Graham said nothing. He realized what Jolaine had been trying to tell him in the moments before they’d been taken into custody. People don’t really know anything until someone confirms it for them.
“Your parents were involved in the shootings,” Peggy went on. “Your father was killed.”
Those words landed hard, like a slap. He understood that she’d said it to knock him off balance, and as much as he wanted it not to be so, he realized that she’d succeeded. He felt tears press from behind his eyes. “Does this make you feel big?” he asked.
“Excuse me?”
“Does it make you feel big to bully a kid who can’t defend himself? Does it make you feel all-powerful and shit to tell me that my father was killed? What kind of father did you have if you could talk to me that way?”
“Watch your mouth, Graham.”
Graham heard movement on the far side of the door, and then the distinctive sound of a key sliding into the lock. It turned, and the door opened, revealing the brown-uniformed cop who had earlier taken him to the bathroom.
“That’s it,” the cop said. “This interview is over.”
Peggy looked at him like he was a cockroach. “No, it’s not,” she said.
“Yes, it is,” the cop said. “As of right now.”
“Who the hell are you?” Peggy demanded.
“I am Deputy Milford Price,” the cop said. Unremarkable in every regard except for the mole under his right eye, his face was redder than the last time Graham had seen it. “And you are Peggy Darnell, who happens to have no profile in any record I accessed.”
“That fact alone should tell you something,” Peggy said. “Don’t interfere with what I’m doing.”
Deputy Price crossed the threshold and walked to Graham’s side of the table. “He had it right, you know,” he said. “You’re a bully and you prey on kids. It doesn’t get a lot lower than that.”
“I have business to attend to, Deputy.” She said the word
deputy
as if it smelled bad.
Price smiled. He beckoned Graham with two fingers. “Come with me, son.”
Graham stood. He wasn’t sure what was going down, but he sensed that he was destined to come out on the positive end of it. He felt a sense of peace when Deputy Price placed a hand on his shoulder.
“I’m sure yours is a complicated job,” Price said. “That’s the impression I got from the word that came down not to interfere with you.”
“It’s a good idea to follow orders,” Peggy said.
“Except for the immoral ones,” Price countered. “That was a hard-learned lesson for my father, and he made sure that I learned it, too. He was in the Army, back during Vietnam, when all the lines got blurry. Back when I was a boy—”
“Oh, for Christ’s sake, must we really—”
“Yes, we must really,” Price said. “He was never right after that war. He was never able to justify the choices he was forced to make, and he never even confided in me what those choices were. But I knew for damn sure what the lessons were. He drove them into me just as surely as a nail is driven into wood.”
“Oh, good God, I cannot wait to hear.” Backed into a corner, Peggy became 100 percent bitch.

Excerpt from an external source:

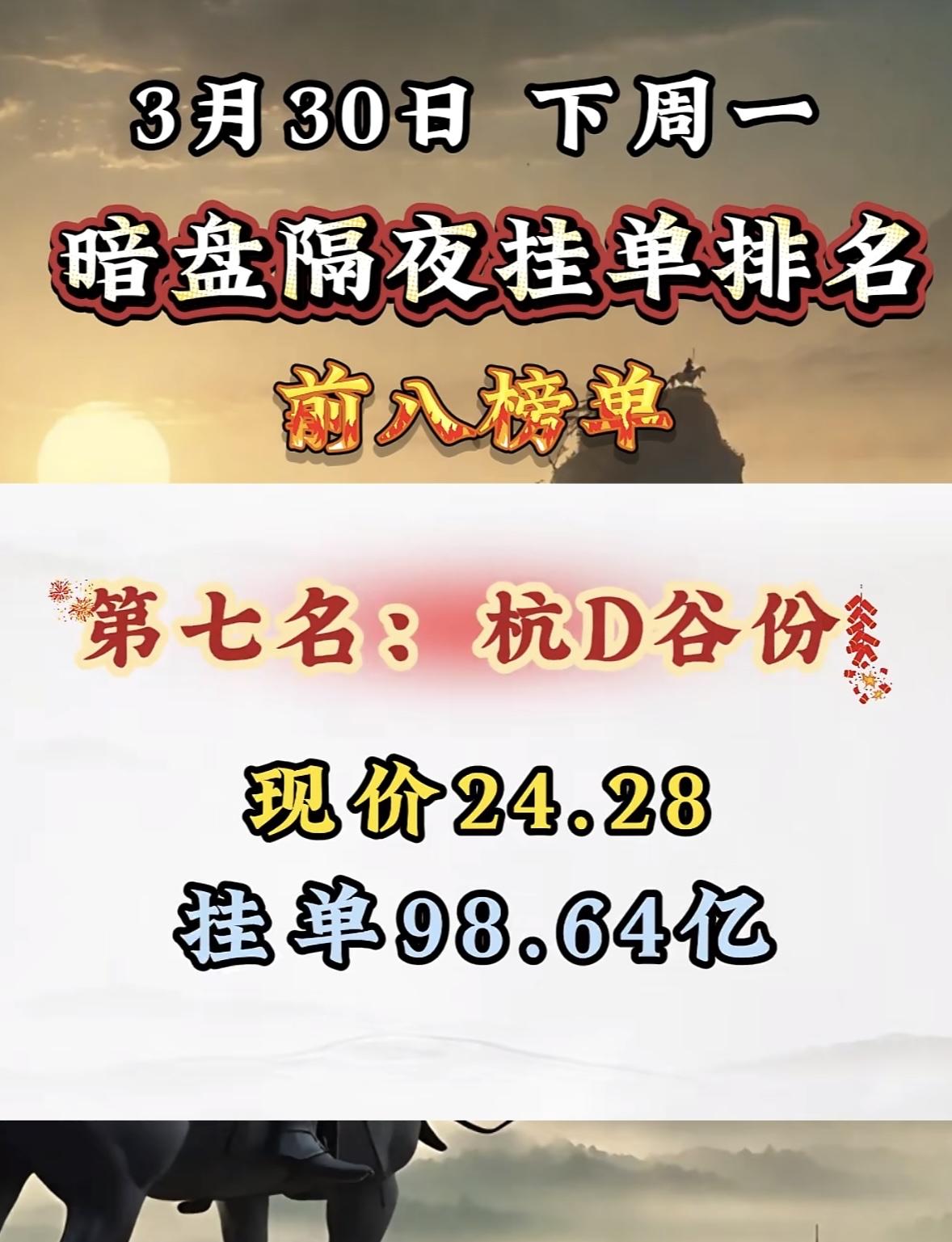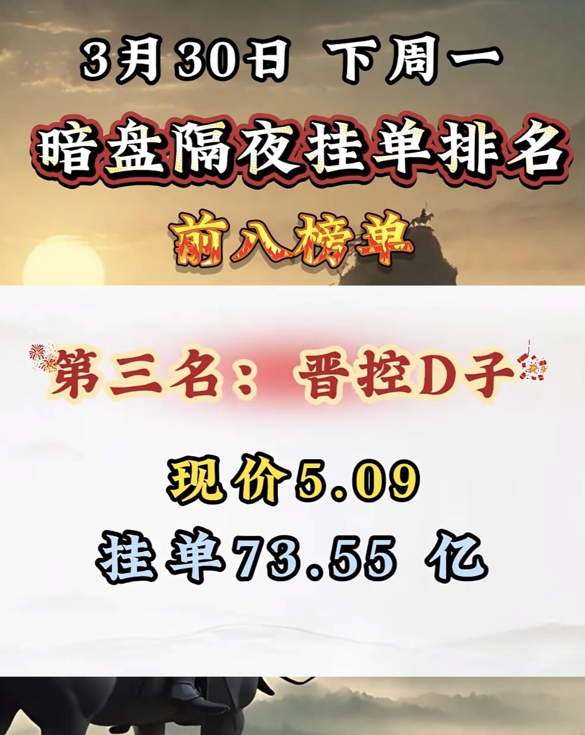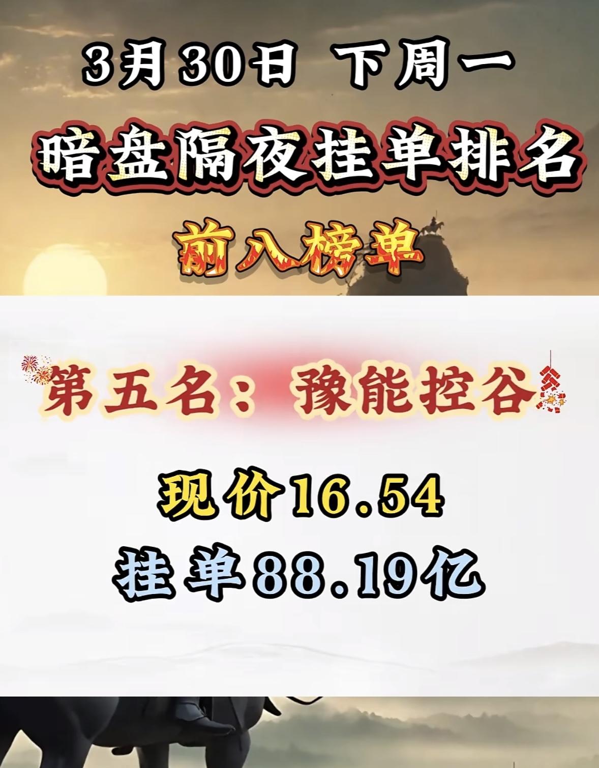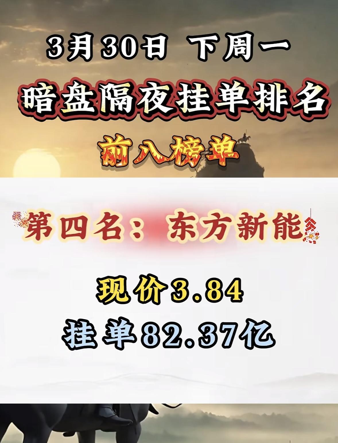 3月30日周一暗盘隔夜挂单排行榜出炉 华电辽能这次可太猛了!现价8.99,挂单竟达112.37亿,强势冲进暗盘隔夜挂单排行。对比3月26日的数据,华电能源现价6.77元,隔夜挂单76.38亿;3月27日中超控股现价8.76,挂单56.29亿,广西能源现价6.00,挂单64.73亿,晋控电力现价4.63,挂单72.80亿,华电辽能这挂单量远超它们。在电力板块里,华电辽能还是领涨的。不过得清楚,挂单量只是参考,市场变幻莫测,股价不一定就涨。但这么大的挂单量,肯定吸引很多资金关注,值得咱们多留意。

“When my daddy found out that I was going into law enforcement, he told me to pay attention to one thing above all others. And that one thing was the morality of what I was doing. Not all laws are just, he told me, and not all criminals are bad. Sometimes, people do bad things for good reasons. As an officer of the law, my job is to know the difference.”
“This is truly moving,” Peggy mocked. “I’m sure there’s a point here somewhere.”
“I’m sure there is, too,” Price said. “Just as all criminals are not bad, not all folks with badges are good. In fact, some folks should never be given badges in a million years because they don’t respect the power that comes with it.”
Graham watched the discussion like a tennis match, his head pivoting from point to point.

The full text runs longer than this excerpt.